Which brings us back to sustainability. What we need to be talking about, one soil expert told me, is, “Can we continue agriculture the way we’ve been doing it the past fifty years for the next two hundred years? The answer is almost certainly no.”
In fact, while there are many examples of how our way of life is unsustainable, our abuse of soil may rank as the worst. The British writer George Monbiot recently described our soil crisis this way:
Imagine a wonderful world, a planet on which there was no threat of climate breakdown, no loss of freshwater, no antibiotic resistance, no obesity crisis, no terrorism, no war. Surely, then, we would be out of major danger? Sorry. Even if everything else were miraculously fixed, we’re finished if we don’t address an issue considered so marginal and irrelevant that you can go for months without seeing it in a newspaper.
The number of harvests we have left, whether it’s sixty or ninety or thirty, isn’t the point. The point is that if we do not change the way we farm and build, we will run out of soil. “Almost all other issues are superficial by comparison,” writes Monbiot. “What appear to be great crises are slight and evanescent when held up against the steady trickling away of our subsistence.”
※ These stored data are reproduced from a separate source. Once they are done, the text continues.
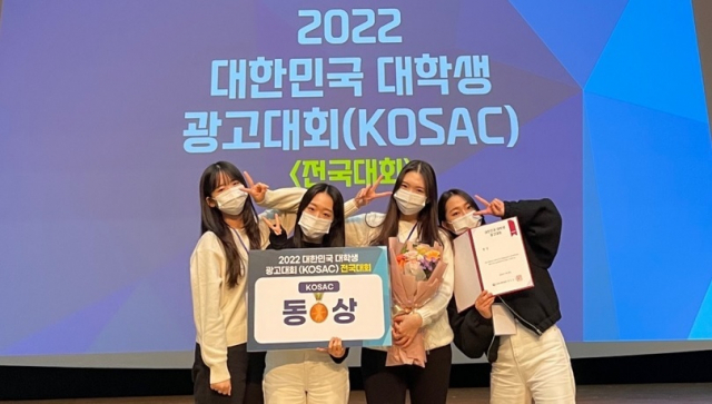 동아대 미디어커뮤니케이션과 ‘패밀리가 떴다’팀(2학년 박채아, 변제영, 윤정윤, 정승현)이 지난달 30일 동국대에서 열린 ‘2022 대한민국 대학생 광고대회(KOSAC) 전국대회’에서 동상을 수상했다. 전국 15개 대학팀과 경쟁 프레젠테이션을 펼친 ‘패밀리가 떴다’ 팀은 상금과 국내 대표 광고회사 인턴십 체험 기회를 얻었다.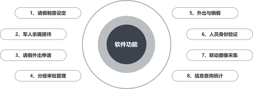 人員管理包括:長期人員(軍人,家屬,職工等)進出,請假申請,請假審批,請假銷假等管理,外來訪客進出管理。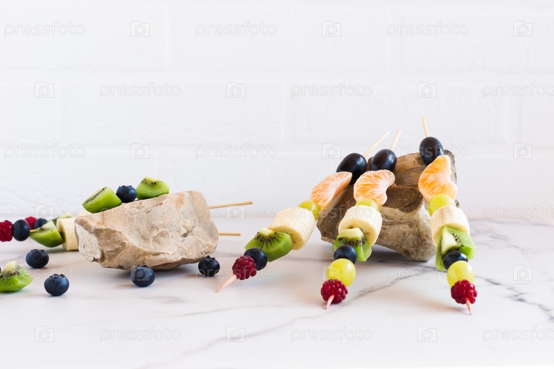 Канапе из сочных фркктов и ягод на камнях, вид сверху

There is some good news. We actually know a lot about how to build and farm in ways that are less destructive to soils. “No-till” farming has been shown to successfully grow crops without the destructive force of tilling; organic farming methods can start to address the overuse of chemical fertilizers that have turned much of the world’s soils from fertile ecosystems into sterile holders of plants; and the planting of cover crops can return carbon and nutrients to the soil. “The most important lesson is to keep the soil covered,” Kristin McElligott told me. “When do you ever see bare soil in nature, naturally?”
So why do we continue to farm in a way that treats soil so destructively?
The standard reason given by the agriculture industry is that in order to feed a human population of seven billion and growing, there simply is no other way to farm. But while no one questions that feeding so many people is an enormous task that will only grow more challenging, this position seems to ignore reality. Explained one agroecologist, “People worry about what will happen if the oil runs out. But they don’t seem to worry about what will happen if we run out of soil.”
After talking with dozens of “soil people” and reading dozens more, I begin to think that the destruction of the soil upon which we depend has much to do with how we see the ground beneath our feet. And that is why I find myself heading to the state that represents the heart of American agriculture.